In this study, we focus on the third and final wave of data collection that occurred between March and June 1997, during which 255 people were interviewed. We limit our attention to the 203 men and women who identified themselves as grandparents and answered the 31 grandparent questions that were added for the 1997 data collection. Overall, the grandparent sample contains a diverse set of respondents with a variety of social background characteristics: 54% were men, 87% were Whites, 73% were married, and 32% were retired. This degree of sample diversity allows us to pursue the primary goals of exploring self and social background factors that may influence the frequency of contact with grandchildren and their satisfaction with the grandparent role.

Variables
Beginning with the two outcome variables, grandparent satisfaction was measured by a single item that asked, "Are you satisfied with your grandparent role?," with response categories ranging from "very satisfied" (4) to "very dissatisfied" (1). Frequency of contact is based on the question, "Typically, how often do you see the grandchildren you see most frequently?," with responses of "daily" (6), "more than once a week" (5), "once a week" (4), "once a month" (3), "every few months" (2), and "once a year" (1).

Turning to the self variables, we offer a new approach to the measurement of grandparent identity meanings. Mortimer, Finch, and Kumka (1982)Go defined meaning dimensions that remain stable over time and influence the adaptation to adult roles.
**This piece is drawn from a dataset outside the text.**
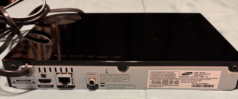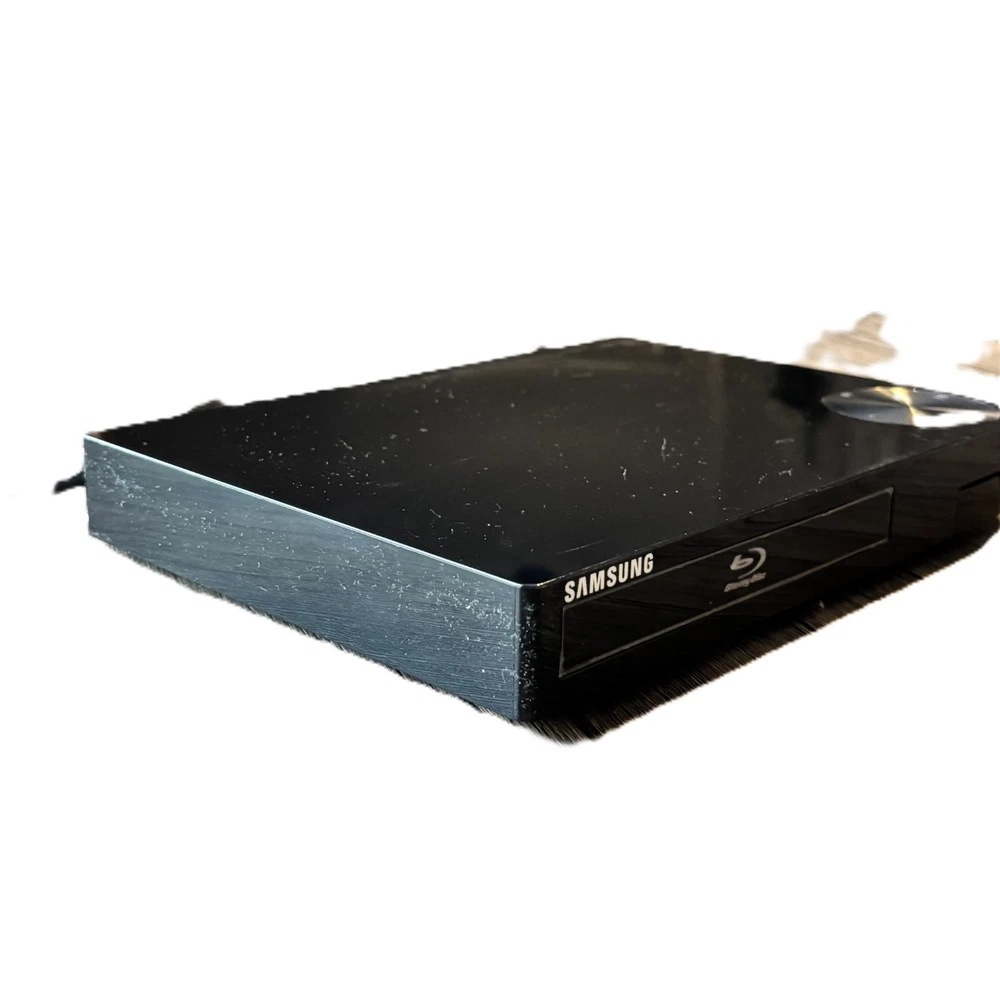 Elevate your home entertainment experience with the Samsung BD-5700 Blu-Ray DVD Player. This sleek, black device offers a high-definition 1080p output for crystal-clear picture quality. It's designed to support a variety of Blu-ray formats, ensuring compatibility with your existing collection of movies and music DVDs.The Samsung BD-5700 comes equipped with Dolby True HD technology, delivering a rich and immersive audio experience. It also features HDMI connectivity for easy setup with modern televisions. This model, manufactured in Indonesia, includes the original remote for convenient operation.

In a previous study, we created measures of worker, spouse, parent, and friend identity meanings by combining three dimensions: (a) "competent," which reflects instrumental or task-directed identity meanings; (b) "confident," which taps emotional or affective identity meanings; and (c) "sociable," which focuses on an interest in others (Reitzes & Mutran, 2002Go). In a similar manner, to measure grandparent identity meanings, we begin with a stem, such as, "As a grandparent ...," followed by 10 adjective pairs organized in a semantic differential 5-point format (Osgood, Gucci, & Tannenbaum, 1957Go). The adjective pairs included active–inactive, successful–unsuccessful, competent–not competent, relaxed–tense, happy–sad, confident–not confident, warm–cold, open–closed, interested in others–interested in self, and sociable–solitary. Summing the item scores allows us to create a single grandparent identity meanings scale (range = 10–50, alpha =.91). One of the important advantages of this measurement strategy is that it enables grandparent identity to be compared with other identity meanings such as those for worker, spouse, or friend.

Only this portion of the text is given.